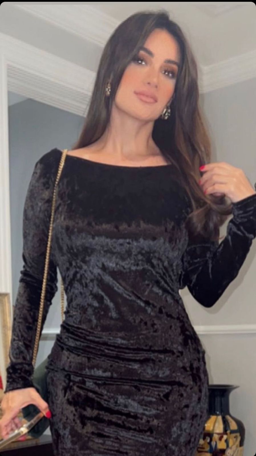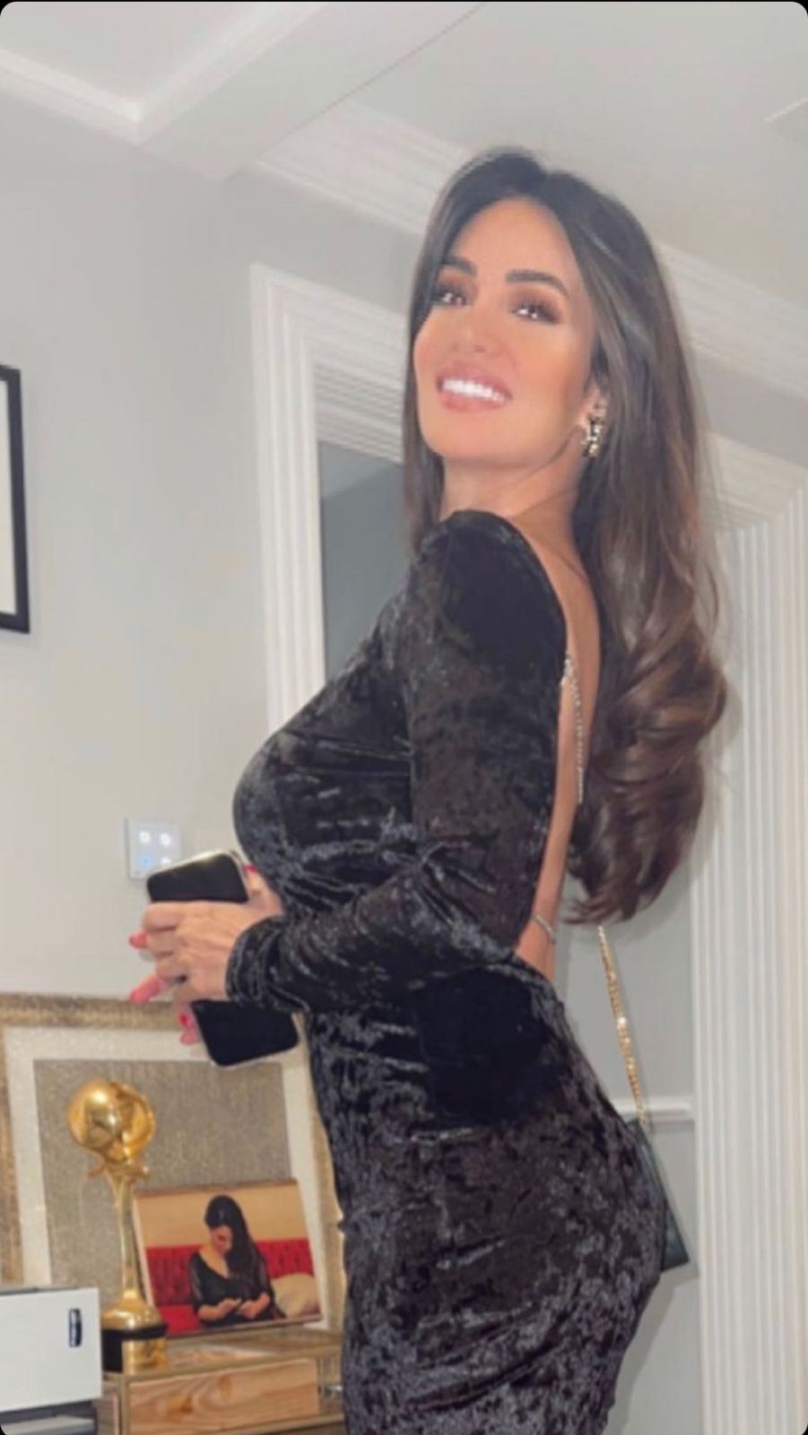 وظهرت حداد بظهر مكشوف، وكانت الإطلالة عبارة عن فستان قصير أسود قطيفة، مع شعر ويفي.
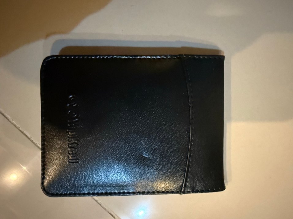 Düz siyah deri erkek cüzdan, hafif kabartmalı marka detayıyla. İş ortamına uygun klasik gotik tarzda. Notluk derıdır
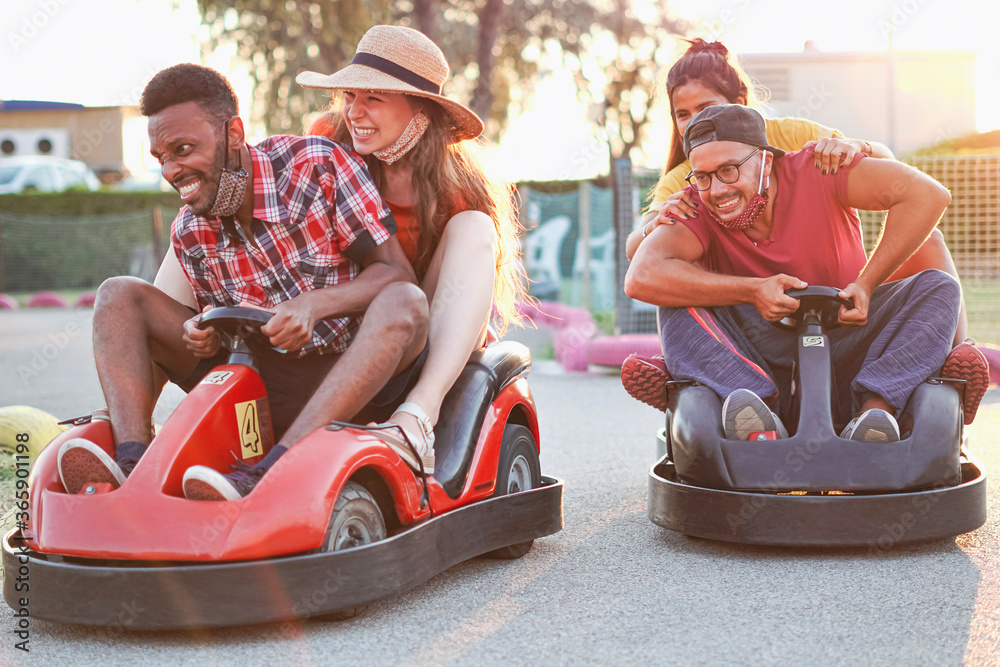 Group of multietnic friends having fun with go kart - Young people with face mask on smiling and cheerful at mini car racing - Couples outside in double date - New lifestyle
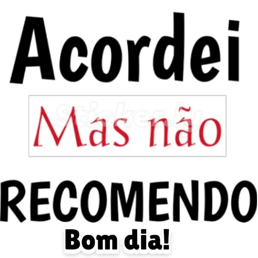 Uma figurinha com texto em preto e vermelho. 'Acordei Mas não RECOMENDO Bom dia!'
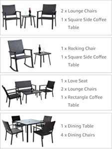 C-Hopetree Outdoor Rocking Chair for Outside Patio Porch, Metal Frame, Black All Weather Wicke
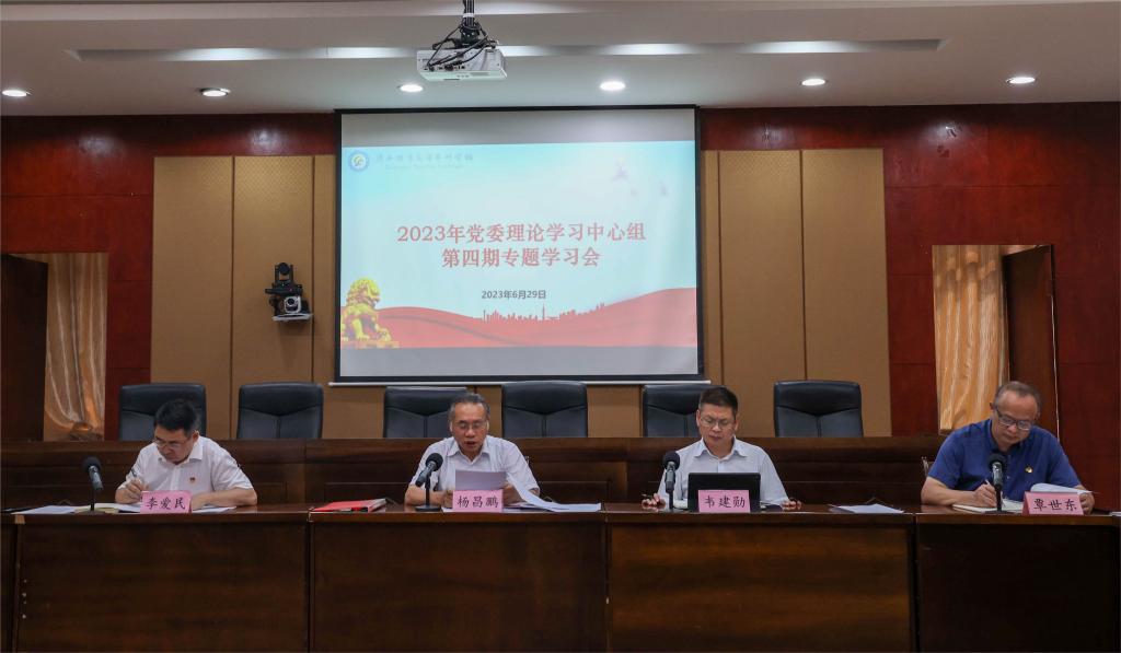 6月29日下午,爱体育电子官方网站在综合楼7楼报告厅召开2023年党委理论学习中心组第四期专题学习会。爱体育(中国)领导,各部门、各学院(部)正职,处级干部,马院正副职参加会议。会议由校党委书记杨昌鹏主持。

· · · · · · ·

*Work task*.
From the line with "Group of multietnic" through the final line of the records above, return each line exactly and nothing else. Pictures are to be skipped.

*Reply to the exercise*.
 Group of multietnic friends having fun with go kart - Young people with face mask on smiling and cheerful at mini car racing - Couples outside in double date - New lifestyle
 Uma figurinha com texto em preto e vermelho. 'Acordei Mas não RECOMENDO Bom dia!'
 C-Hopetree Outdoor Rocking Chair for Outside Patio Porch, Metal Frame, Black All Weather Wicke
 6月29日下午,爱体育电子官方网站在综合楼7楼报告厅召开2023年党委理论学习中心组第四期专题学习会。爱体育(中国)领导,各部门、各学院(部)正职,处级干部,马院正副职参加会议。会议由校党委书记杨昌鹏主持。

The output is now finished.